Две недели я без движения лежал в постели, я был в каком-то забытьи, бредил, просил воды днем и ночью, ничего не понимая, ничего не чувствуя; мне казалось, что я мчусь в какой-то огромной пролетке, что я подымаюсь на пизанскую падающую башню, несусь над широкой рекой, что кто-то тянет меня на проволоке все выше и выше и я плыву по воздуху над всем миром.

Когда я поднялся с постели, я был похож на привидение. Мир представлялся мне каким-то чудом, на которое я смотрел со стороны.

Я словно погружался в бездну. Глубокое, беспредельное спокойствие овладело мной.

Как-то тихо прохаживаясь по комнате, я остановился у окна. По Лугарно проходил полк берсальеров, впереди шел оркестр. Солдаты походили на оловянные игрушки, красивый марш напоминал мне игру ребенка на гребешке, обернутом в папиросную бумагу.

Я бросил взгляд на баптистерий. Величавый баптистерий пизанского собора походил на рюмку, перевернутую вверх дном.

В соседней комнате послышался пронзительный крик.

— Кто это там плачет? — спросил я.

Служанка, низкорослая, толстая итальянка, ответила мне:

— Ваша дочь.

— Моя дочь? Какая дочь?.. Ах, да!.. хорошо… пусть плачет.

— Вы хотите ее видеть?

— Нет, нет, не хочу!..

— Если бы вы знали, какая она красивая и нежная!

— Красивая? Нежная? Ну и что же!..

— И она так похожа на госпожу! Так похожа!

— Похожа на госпожу?.. Хорошо… пусть…

Мною овладело глубокое спокойствие. Кто-то другой, неведомый мне, человек прошлого, испытывал жалость, пытался заплакать, потрясенный словами служанки: «И она так похожа на госпожу!»

Я выздоровел, но был по-прежнему худым, бледным и… спокойным.

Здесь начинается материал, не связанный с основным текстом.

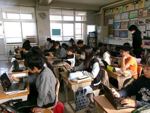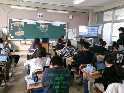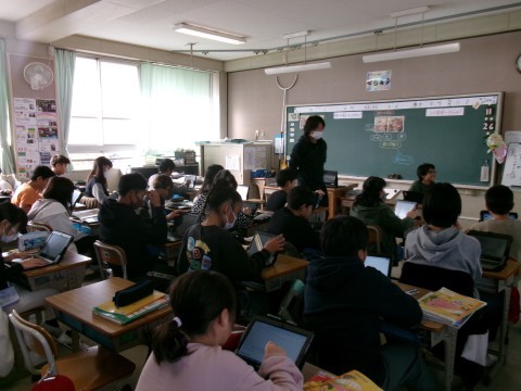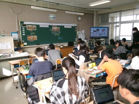 江戸時代と明治時代のイラストを比べて,違いについて意見を交流しました。その後,黒船が日本に来た目的と,江戸幕府の対応について調べています。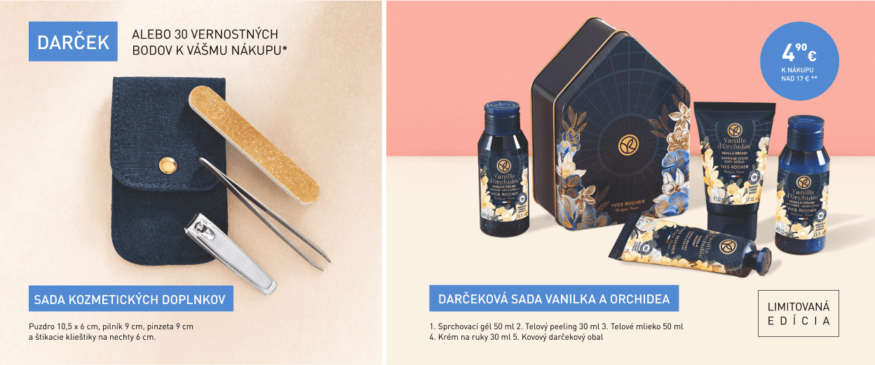 *Zľavy a ponuky sa nekumulujú. Jedna Sada kozmetických doplnkov alebo 30 vernostných bodov k nákupu nad 4,80 € na zákazníka.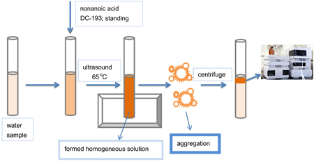 2 mL of the solution containing different concentrations of BD, HB and NPP →2.5 mL of DC-193 stock solution and 1mL of nonanoic acid added → standing for 5 min → incubated into ultrasonic-thermostatic bath at 65 °C for 30 min → centrifugation for 3 min at 4000 rpm → achieving a final volume of 0.5 mL by adding acetonitrile → injected into the HPLC system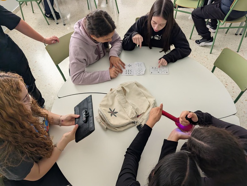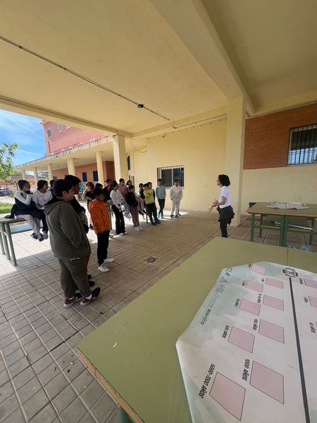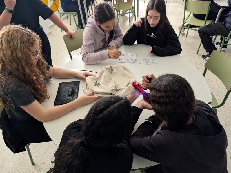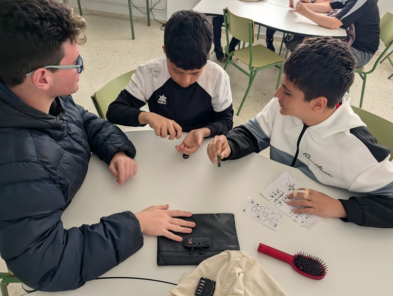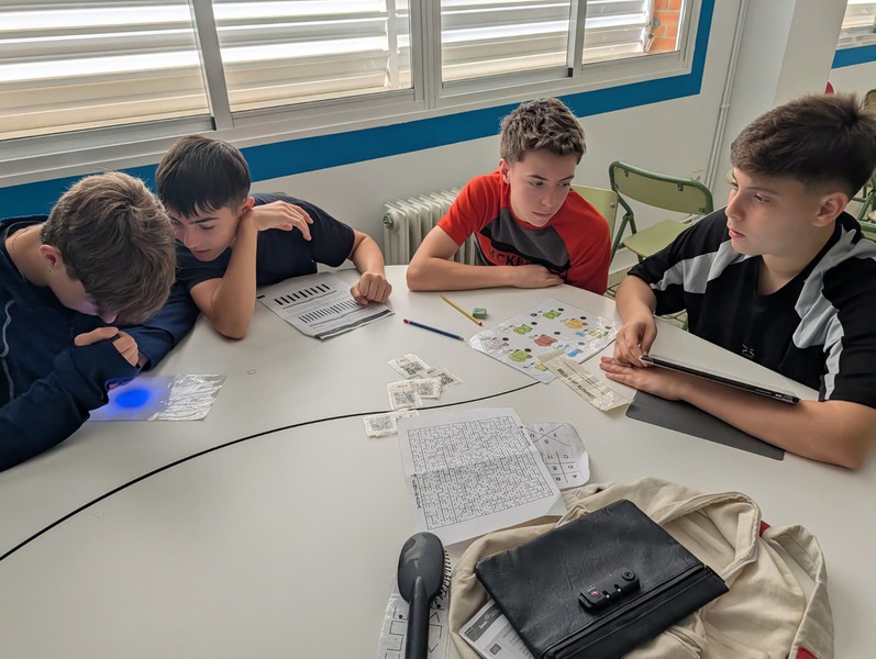 El alumnado, dividido en 3 grupos, tenía que buscar por distintas zonas del instituto unos tableros de símbolos escondidos: Mirar con atención; Memorizar; Correr hasta clase; Transcribir los símbolos exactamente igual; Y colocarlos en el mismo orden.
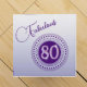 Four beautiful “Logo” types with the Birthday number 80, displayed on a modern plain circle, forming a charming wheel with purple dots and lines, around the wine box.

Однажды я отправился вместе с доктором взглянуть на ее могилу. На camposanto[16], или, как мы, народ непочтительный и скептический, говорим: на кладбище, я увидел свежую могилу, еще не затоптанную, не украшенную цветами, но уже иссушенную солнцем и не оплакиваемую никем. Я посмотрел на нее, смерил ее глазами, мысленно открыл гроб, но никого не увидел… гроб был пуст, на подушке не покоилась ничья голова, в белый саван никто не был завернут…

Я непроизвольно опустился на колени, склонил голову, и глаза мои на мгновение увлажнились.

Когда я поднялся — сердце мое было мертво, я остался совершенно спокойным, таким же спокойным, каким пришел сюда.

Взяв доктора под руку, я отправился домой. По дороге я остановился перед скульптурной мастерской и заказал красивый памятник. Я заплатил столько, сколько просили; уж по дороге к дому я сказал милейшему доктору, пристально смотревшему на меня:

— Ее могила будет самой красивой, правда, доктор? Я бы вернулся и заплатил в сто раз больше, лишь бы во всей Пизе не было памятника прекраснее, чем у нее!

— Знаете, — ответил он, сжимая мою руку, — я верю что одни чувства могут переходить в другие, точь-в-точь, как свет может превращаться в движение, движение в электричество, электричество в тепло, а тепло в свет! У вас же страдание превратилось в тщеславие, зловещее и спокойное. Остерегайтесь спокойствия, оно может стать вашим естественным состоянием и поглотить вас настолько, что между вами и мертвецом не будет уже никакой разницы, кроме той, что вы не потеряете способности двигаться и не будете разлагаться.


Тут он опять остановился.

Обхватив голову руками, он сидел некоторое время не шевелясь. Потом, закурив не помню уж какую по счету папиросу, он покачал головой и, пробормотав свое обычное: «гм-гм», заговорил снова. Его усталый голос звучал так глухо, что мне казалось, будто он сидел в закрытом шкафу, а не рядом со мной.

— Я вернулся на родину и уединился в имении ее отца. Почти три года я ни с кем не разговаривал. В течение этого времени не было ни одной книги, ни одного отчета о переливании крови на немецком, французском или итальянском языках, которых бы я не прочел.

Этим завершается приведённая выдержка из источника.